Wednesday, September 24th, 2008

Today, September 22, I feel the joy of an 8-year-old child and the sadness of a widow. Joy comes for several reasons. For one, it is the day I was brought into this world by a beautiful mother who prayed to have me. See, she attempted to have a child for nearly 10 years, but doctors kept telling her she could not have kids. It was not until New Year’s day that she bowed on her knees and begged the Lord to give her a child. She did not care if she had to raise them by herself or if she did not have enough money to sustain them. She just wanted to outpour her love and be a mother. Sure enough her prayer was met.

On February 14th (Valentine’s Day) she discovered her pregnancy and was in shock. She went for testing every week, but always it showed positive. A few months later, I was born and the entire neighborhood celebrated my coming for they considered me a miracle baby. Ironically, she named me Eliana, which is Greek for My God has answered or Fulfilled promised. She was unaware of the meaning till yesterday.

Today is also Monday, which happens to be my favorite day of the week. It was also the weekday I was born. Why do I like Mondays? Perhaps because it marks the beginning of my week and I love to think of what is in store for me. Every time of think of beginnings I get excited. Weird, I know.

Today is also the beginning of fall, which happens to be my favorite season. Fall is perfect. It’s the time for fuzzy socks, light jackets, delicious teas, apple and pumpkin picking, and eating scrumptious food. It is also a time to start caving in and spending some quality time with…..THE SELF.

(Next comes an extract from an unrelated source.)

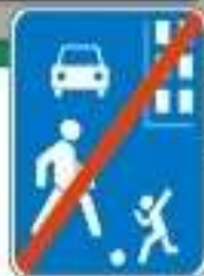
Знак "Конец жилой зоны"

Today I turn 22, and it is the 22nd day of September. Not to mention that we are in the year 2008, and eight is my favorite number. (Read my blog: “The number 8”) Since I am so big on numerology I decided to analyze the number 22. According to the worldly famous Wikipedia (not the best, I know) the number is significant in numerology because it is often called the “Master Builder” or “Spiritual Master in Form”. This number includes all of the attributes of the number 2, twice over, and also those of the 4 (Four being the number of creation or world impact). It is said that people who are 22 find themselves feeling as if they live in two worlds, one which is overwhelmed by the mundane, and the other by the fantastic.

This is precisely where the sadness comes. For more than a month I have been feeling a pull, more like a burden, in my spirit. The best way to describe it is this. It is as if my spirit knows of something coming and feels how overwhelming it is, and it causes me to feel burdened. To paint it another way, it is as if I am carrying the sorrows of people I have yet to meet, or crying the tears of those in pain. It is like a spiritual division problem dividing my joy into pieces of perfect love and vulnerability. Or, it is like being a puppet and being pulled by those near me who are thirsty for more of life.

According to prophecy, October is the month of “going through,” and November the month of surprises. I feel it. I smell it. I breathe it. Certainly, I already started going through many emotions. I get highs like a butterfly flying in the sky and I get lows like a caged bird waiting for its death. Ironic enough, the joy I have is more powerful than that which is slowly eating me away and I know I am ready for this new season.